If we listen to their narratives of self-motivated decisions to quit jobs and careers and stay at home full-time with babies, we see strong, self-determined women who actively choose a particular lifestyle, even if that lifestyle denies the individual mother’s self-actualization.

But, in truth:

Natural mothers … may actively choose to embrace the “nature is best” ideology, but once they become attached to this ideology  –  buying into it completely and without regret  –  they surrender their capacity to make choices and in some ways become passive objects. Put differently, the ideology begins to take on hegemonic proportions and transforms women into individuals who surrender their own agency in the interest of family.

What they initially describe to themselves and others as a “choice,” comes to seem like no choice:

…[N]atural mothers claim that they could certainly choose to parent like “everyone else” (i.e., like the majority of conventional, mainstream mothers), but at the same time they speak of choice, they speak of being guided by an intuitive, body-derived source of knowledge, one that is undeniable, one that they can never dispute or reject… Natural mothering is the only real choice. The natural mothers in this study were adamant that they cannot turn their backs on the natural ideology so central to their way of living, sleeping, eating, schooling, and consuming.

They’ve surrendered their agency to a “higher power.”
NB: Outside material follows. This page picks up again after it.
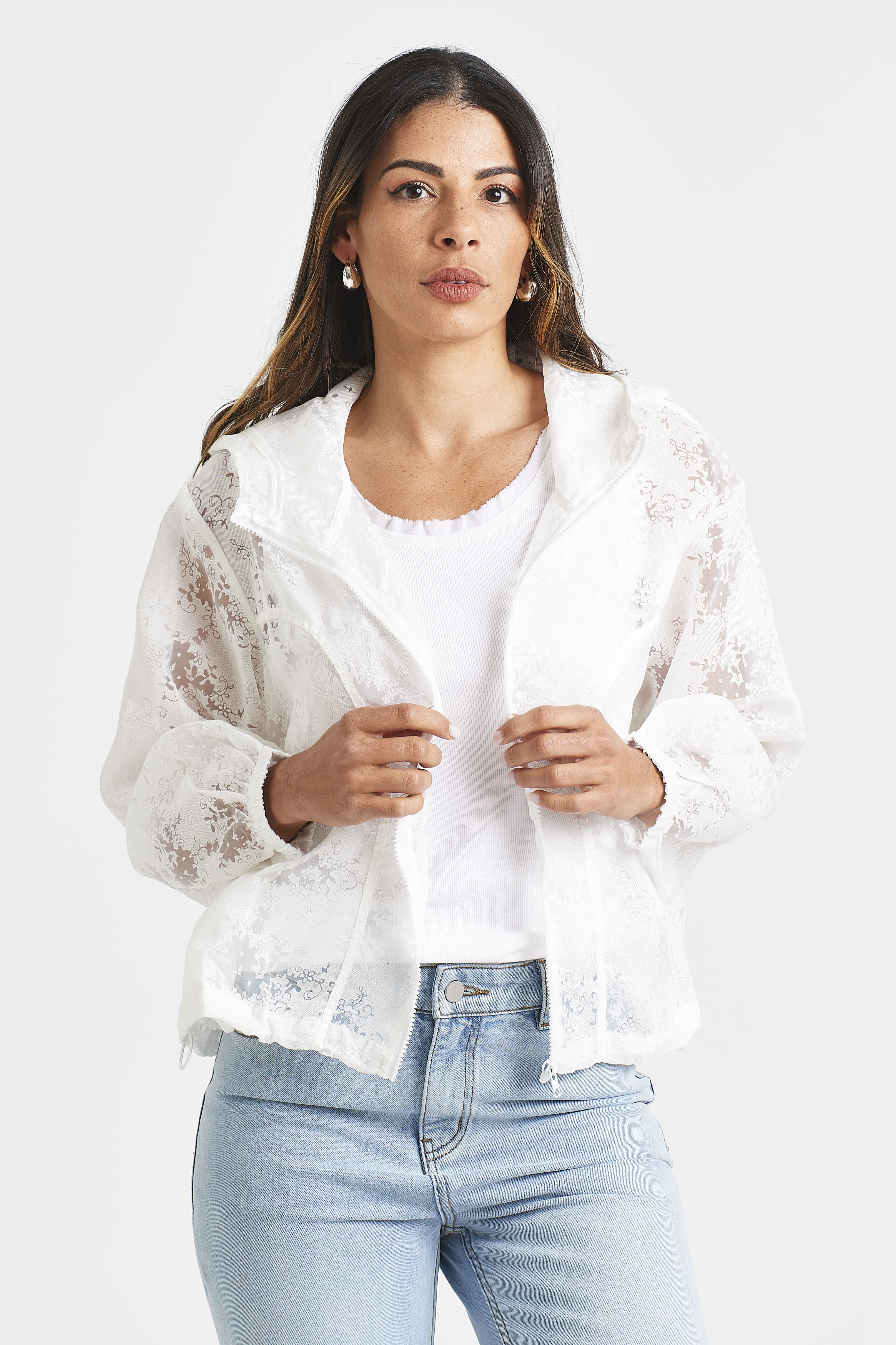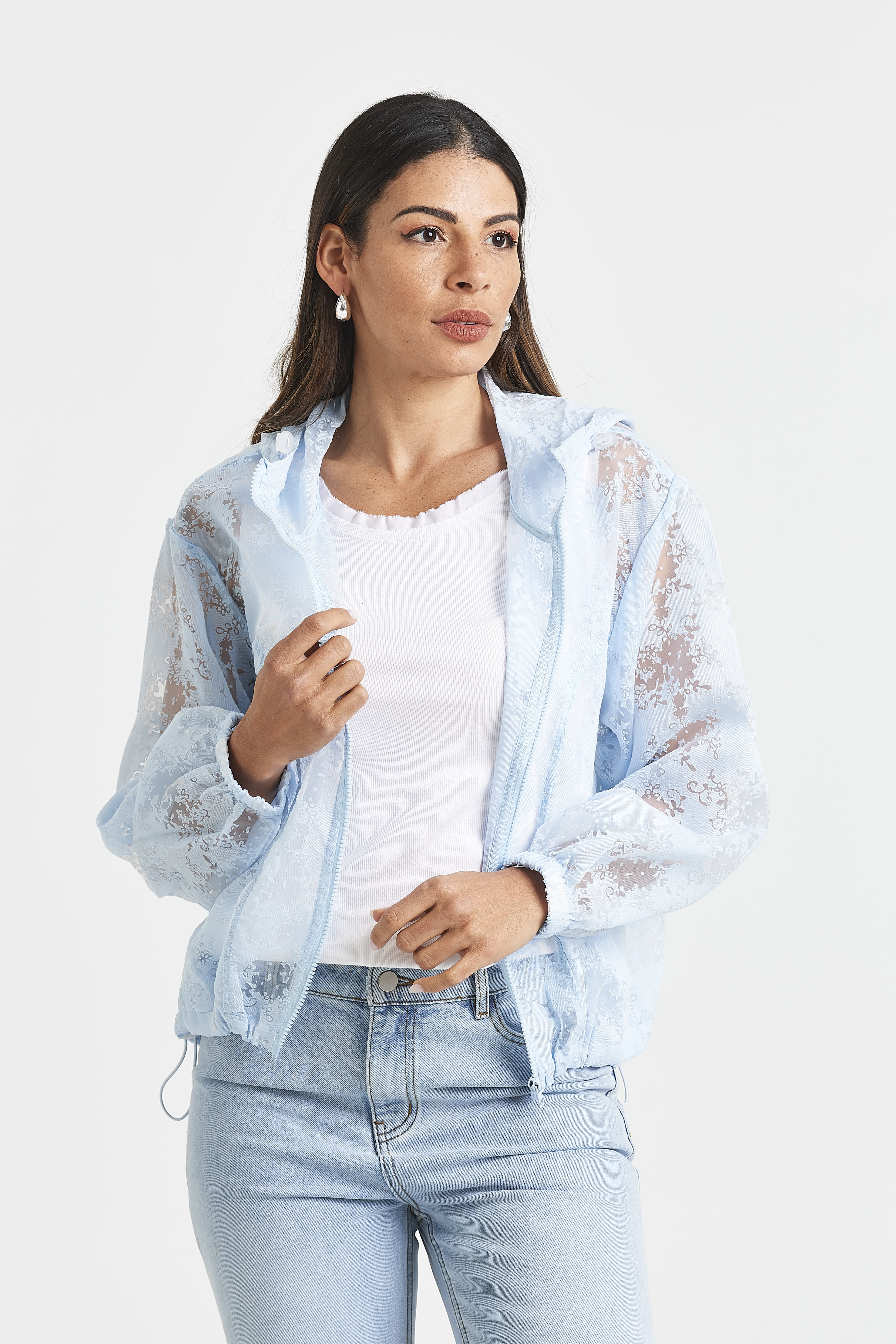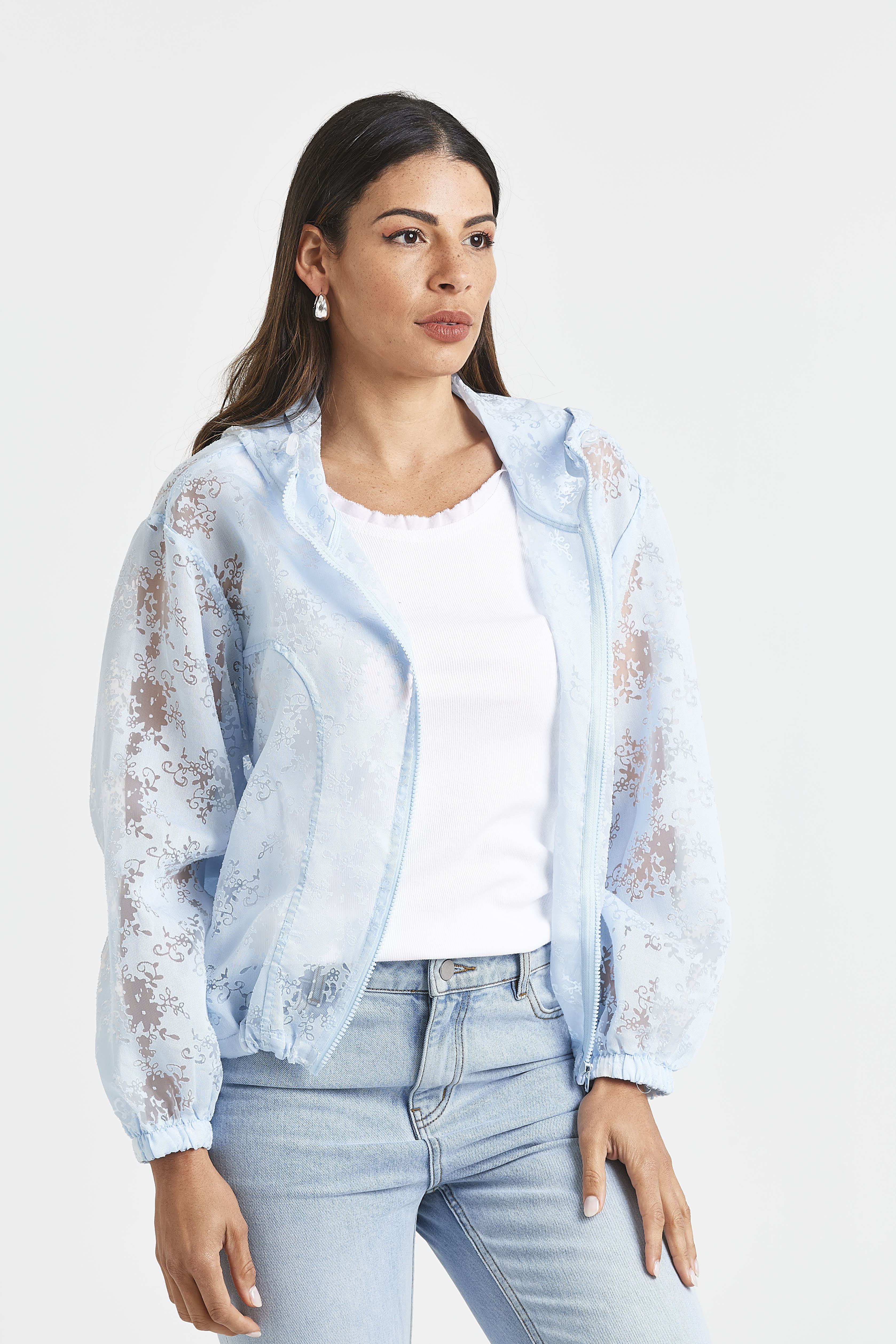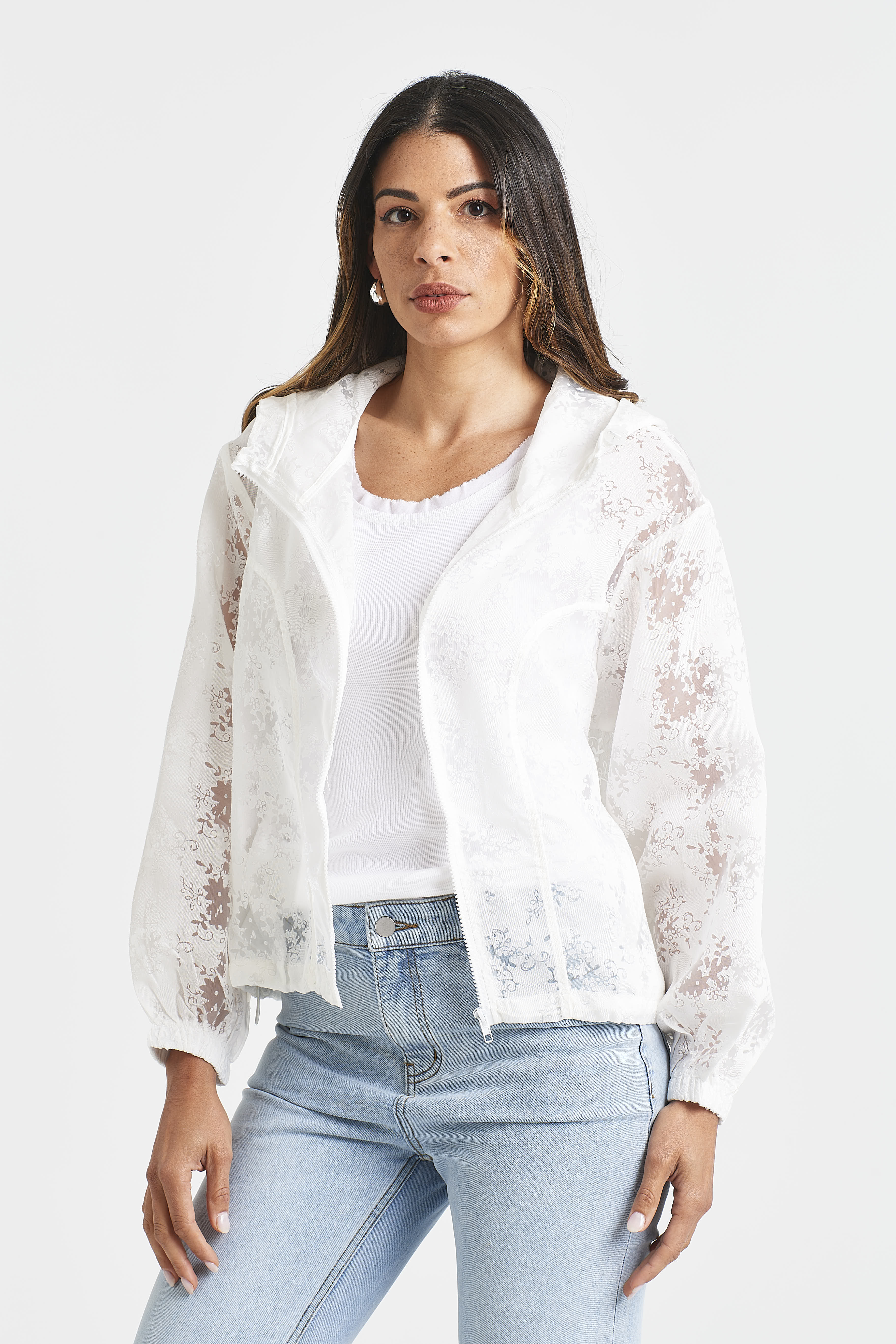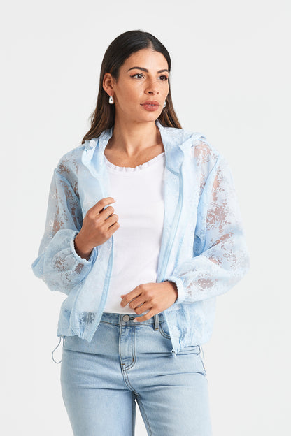 Light as air with a romantic twist, the LILLIANE JACKET features a sheer floral burnout design in your choice of white or blue. Finished with a hood, zip front, and an adjustable drawcord hem, it’s the perfect lightweight layer for breezy days.

It might be an overstatement to claim that the natural mothers have replaced God or Man as the authority that dictates a life course with nature as represented by the body, but perhaps not. Whether the mothers are controlled by men or religion or some conception of nature, they are still controlled.
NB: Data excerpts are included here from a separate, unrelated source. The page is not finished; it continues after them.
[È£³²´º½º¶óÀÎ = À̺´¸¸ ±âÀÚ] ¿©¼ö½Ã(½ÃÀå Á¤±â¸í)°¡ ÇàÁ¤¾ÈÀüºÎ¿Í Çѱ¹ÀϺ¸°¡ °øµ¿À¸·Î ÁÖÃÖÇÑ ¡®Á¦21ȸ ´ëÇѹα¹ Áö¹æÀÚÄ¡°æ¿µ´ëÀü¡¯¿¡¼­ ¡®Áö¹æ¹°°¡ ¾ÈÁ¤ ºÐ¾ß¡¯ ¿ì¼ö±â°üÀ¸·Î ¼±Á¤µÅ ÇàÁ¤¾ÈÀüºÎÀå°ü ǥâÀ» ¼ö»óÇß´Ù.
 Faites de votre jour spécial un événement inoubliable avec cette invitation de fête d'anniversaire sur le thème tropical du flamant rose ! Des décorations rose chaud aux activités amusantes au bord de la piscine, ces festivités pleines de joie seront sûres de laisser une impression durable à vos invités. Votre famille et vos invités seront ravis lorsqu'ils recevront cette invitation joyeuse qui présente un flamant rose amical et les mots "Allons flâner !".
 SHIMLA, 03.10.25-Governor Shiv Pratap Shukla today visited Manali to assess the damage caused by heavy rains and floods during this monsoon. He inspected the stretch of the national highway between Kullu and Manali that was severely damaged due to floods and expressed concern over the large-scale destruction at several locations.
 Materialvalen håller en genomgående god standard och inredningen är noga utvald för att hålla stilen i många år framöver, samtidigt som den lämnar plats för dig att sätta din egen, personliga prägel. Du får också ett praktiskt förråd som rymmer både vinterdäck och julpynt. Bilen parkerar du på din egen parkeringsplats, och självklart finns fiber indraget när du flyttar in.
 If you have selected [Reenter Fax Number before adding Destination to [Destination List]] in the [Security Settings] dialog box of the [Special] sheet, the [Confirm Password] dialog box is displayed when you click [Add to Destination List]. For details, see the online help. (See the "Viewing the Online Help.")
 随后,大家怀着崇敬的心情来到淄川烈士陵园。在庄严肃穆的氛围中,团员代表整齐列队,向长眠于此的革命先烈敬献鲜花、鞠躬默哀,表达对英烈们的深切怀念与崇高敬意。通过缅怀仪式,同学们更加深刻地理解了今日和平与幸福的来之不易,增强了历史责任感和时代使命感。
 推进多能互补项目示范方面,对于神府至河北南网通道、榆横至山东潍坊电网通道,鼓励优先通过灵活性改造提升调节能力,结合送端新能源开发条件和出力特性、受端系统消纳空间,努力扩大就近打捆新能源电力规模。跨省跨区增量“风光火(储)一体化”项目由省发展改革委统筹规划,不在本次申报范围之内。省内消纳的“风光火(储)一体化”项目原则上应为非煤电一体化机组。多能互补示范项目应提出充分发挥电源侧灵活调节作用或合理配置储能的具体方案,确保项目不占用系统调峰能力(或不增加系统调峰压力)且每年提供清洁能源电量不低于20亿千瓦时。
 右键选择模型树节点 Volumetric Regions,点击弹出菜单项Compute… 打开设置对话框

They live their lives according to a script, whether that script is religious or based on the worship of nature.

…[C]onstructing a lifestyle on the basis of a body-derived feeling that can neither be explained nor denied is the action not of an agent, but of an individual who is dutifully following a script. In this case the script was written by biologically determinist and historically gendered ideas about women, mothers, and families.

Because — and this is the critical point — our ideas about “Nature” are cultural constructs.

When the mothers spoke of nature, they spoke of a monolithic and static concept, the one true thing that predates dates humankind and remains pure and unadulterated. To them, nature is the perfect model for human behavior because it is separate from and unpolluted by human manipulation. This view, of course, is problematic; it denies the many ways in which nature is indeed culturally constructed …

The way that ancient peoples viewed nature is very different from the way that scientists view nature, for example. The views of ancient peoples are every bit as cultural determined (it was their religion!) as the views of scientists and neither is a completely accurate assessment of nature itself. Natural mothering advocates have simply traded the religion of the present for the biologically determined, gendered and often misogynist religion of the past.

Natural mothering advocates believe, like many ancient peoples believed, that Nature is an irresistible higher power that should be worshipped: venerated, trusted and to which we must submit.

That’s not reasoning or choice; it’s religious fundamentalism.